The goal is to have all the snow removed from Saskatoon’s streets in 8 weeks, from the when the snowfall ended in early January. On Thursday, the City amended their latest timeline for completion to March 3rd.
General Manager of Transportation and Construction, Terry Schmidt says they have been utilizing all available equipment to get the work done. The City says they have also been dealing with some equipment breakdowns due to extreme cold weather which means some streets planned for snow removal have had to be rescheduled.
At Council Wednesday, Councillor Bev Dubois asked about the removal of the snow next to the curbs and wondered why the corners weren’t being done. Schmidt explained that they do in front of homes so there are parking spaces available, but to save money, the corners aren’t done.

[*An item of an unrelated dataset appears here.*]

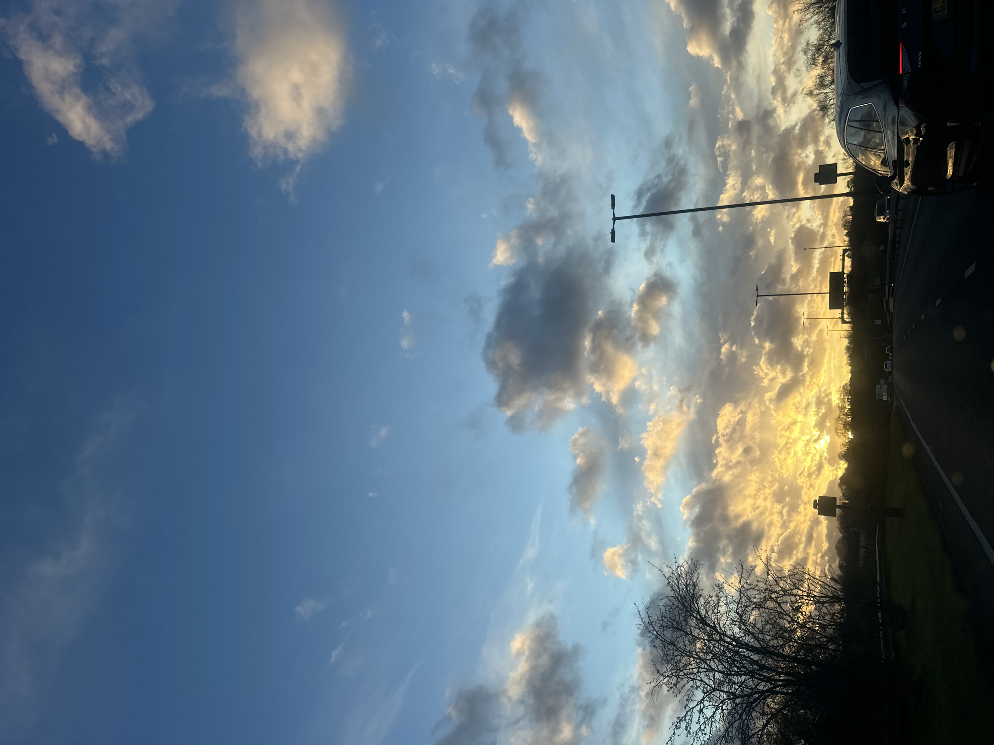 The scene is observed in Upper Upnor, United Kingdom, during the golden hour, likely sunset, under a partly cloudy sky. The upper portion of the sky is clear blue, transitioning to a mix of scattered cumulus and stratocumulus clouds below. These clouds are intensely illuminated with golden-orange light from the low sun on the horizon, while other cloud formations appear darker. A multi-lane paved road extends into the distance, marked by a solid white line on the immediate left lane's edge. In the right foreground, the rear of a dark-colored Skoda Enyaq SUV is partially visible. Multiple other vehicles appear as dark silhouettes further down the road, indicating traffic flow. Several tall, dark streetlights/lampposts and a gantry structure with potential road signs are positioned along the roadside. A roadside camera or sensor unit is mounted on a pole on the left. Deciduous trees with bare branches are prominently silhouetted against the bright horizon on the left and along the distant tree line. No individuals are distinctly visible in the frame.

City Manager Jeff Jorgenson clarified why some of the neighbourhoods had all their snow removed, but not all the priority streets are done. He explained that part of the problem for city-wide snow removal is that the priority streets are done at night when they will have less traffic impact and the residential streets are done during the day. Sometimes the street needs to be closed for the snow to be removed from a priority street. Jorgenson suggests that is why some of the higher traffic roads, like a bus route for instance, aren’t done before the first residential neighbourhoods are cleared of snow.
All priority streets are expected to be complete Saturday (Feb 25) and local street snow removal is 84 per cent complete.
So far, snow crews have graded, picked up and hauled 47,500 tandem truckloads full of snow from priority streets, and another 46,018 tandem truckloads from local streets for a total of 93,518 truckloads to date this winter.
The City won’t know final costs until snow removal operations are fully completed but still expects the total cost to be in the $18-20 million range, in line with estimates. Jorgenson says there will be a report to Council following a review after the work is done.